The London Perl and Raku Workshop takes place on 26th Oct 2024. If your company depends on Perl, please consider sponsoring and/or attending.

NAME

List::MergeSorted::XS - Fast merger of presorted lists

SYNOPSIS

  use List::MergeSorted::XS 'merge';

  # merge plain integer lists
  @lists = ([1, 3, 5], [2, 6, 8], [4, 7, 9]);
  merge(\@lists); # [1..9]

  # return only beginning of union
  merge(\@lists, limit => 4); # [1..4]

  # remove duplicates
  @lists = ([1, 2], [0, 2, 3], [3, 4]);
  merge(\@lists, uniq_cb => sub { $_[0] }); # [0..4]

  # merge complicated objects based on accompanying integer keys
  @lists = ([
              [1 => 'x'], [3 => {t => 1}]
            ],
            [
              [2 => bless {}, 'C'], [4 => 5]
            ]);
  $sorted = merge(\@lists, key => sub { $_[0][0] });

DESCRIPTION

This module takes a set of presorted lists and returns the sorted union of those lists.

To maximize speed, an appropriate algorithm is chosen heuristically based on the size of the input data; additionally, efficient C implementations of the algorithms are used.

FUNCTIONS

$merged = merge(\@list_of_lists, %opts)

Computes the sorted union of a set of lists of integers. The first parameter must be an array reference which itself contains a number of array references. The result set is returned in an array reference.

The constituent lists must meet these preconditions for correct behavior:

  • either each element of each list is an integer or an integer may be computed from the element using the keyer parameter below

  • each list is pre-sorted in ascending order

merge's behavior may be modified by additional options passed after the list:

  • limit

    Specifies a maximum number of elements to return. By default all elements are returned.

  • key_cb

    Specifies a callback routine which will be passed an element of an inner list through @_. The routine must return the integer value by which the element will be sorted. In effect, the default callback is sub {$_[0]}. This allows more complicated structures to be merged.

  • uniq_cb

    Specifies a callback routine which will be passed an element of an inner list through @_. The routine must return the integer value which identifies the element in some sense. Elements with the same identity value will not be duplicated in the output. Elements with the same identity must also have the same key.

    If no uniq_cb is passed, duplicates are allowed in the output.

NOTES

Only ascending order is supported.
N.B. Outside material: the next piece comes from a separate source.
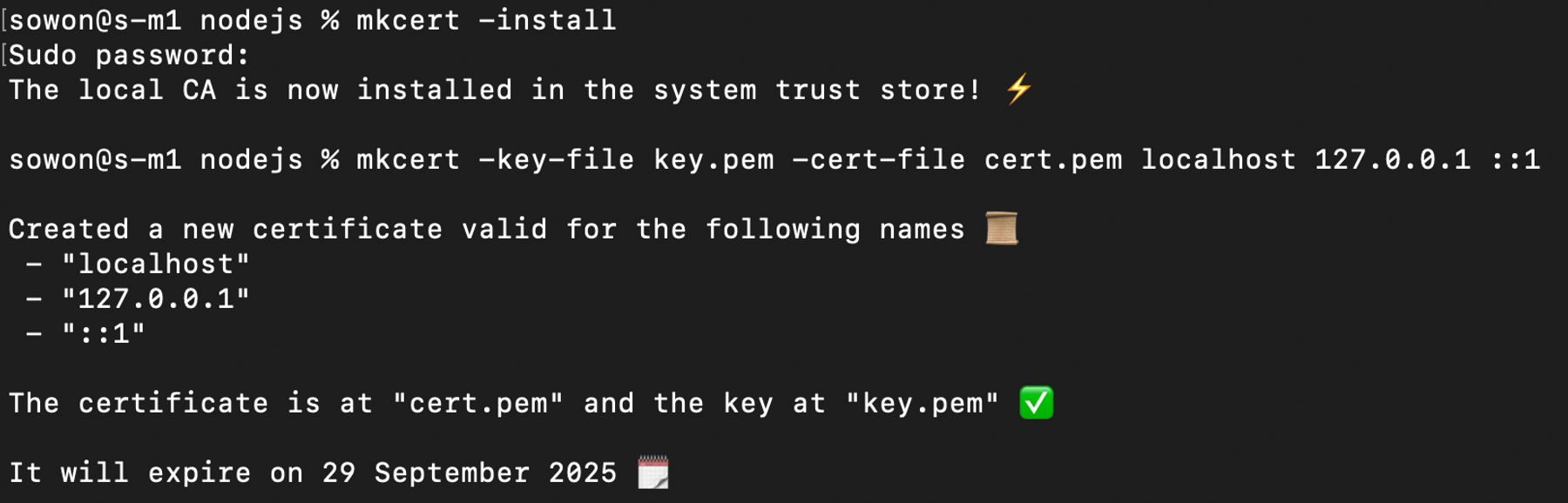 $ mkcert -key-file key.pem -cert-file cert.pem localhost 127.0.0.1 ::1

To merge lists which sorted in descending order, use key_cb = sub { -$_[0] }>.

EXPORT

None by default, merge at request.

ALGORITHM

The algorithm used to merge the lists is heurisitcally chosen based on the number of lists (N), the total number of elements in the lists (M), and the requested limit (L). (The heuristic constants were determined by analysis of benchmarks on a 2.5GHz Intel Xeon where all data fit in memory.)

When there are many lists and the element limit is a significant fraction of the total element count (L/M > 1/4), perl's built-in sort is used to order the concatenated lists. The time complexity is O(M log M). Since this method always processes the full list it cannot short-circuit in the highly-limited case, as do the priority queue methods.

When L is a smaller fraction of M, a priority queue is used to track the list heads. For small N, this is implemented as a linked list kept in sorted order (using linear-time insertion), yielding time complexity of O(L N). For large N, a Fibonacci heap is used, for a time complexity of O(L log N). The linked list has less bookkeeping overhead than the heap, so it is more efficient for fewer lists.

To force a particular implementation, set the package variable $MERGE_METHOD to one of these constants:

  • List::MergeSorted::XS::SORT

  • List::MergeSorted::XS::PRIO_LINEAR

  • List::MergeSorted::XS::PRIO_FIB

TODO

* Support comparitive orderings, where no mapping from elements to integers exists but a well-defined ordering exists for which a comparison callback callback can be provided.

* Allow modification of the heuristics based on local benchmarks.

AUTHOR

Adam Thomason, <athomason@cpan.org>

COPYRIGHT AND LICENSE

Copyright (C) 2010 by Say Media Inc <cpan@saymedia.com>

This library is free software; you can redistribute it and/or modify it under the same terms as Perl itself, either Perl version 5.8.6 or, at your option, any later version of Perl 5 you may have available.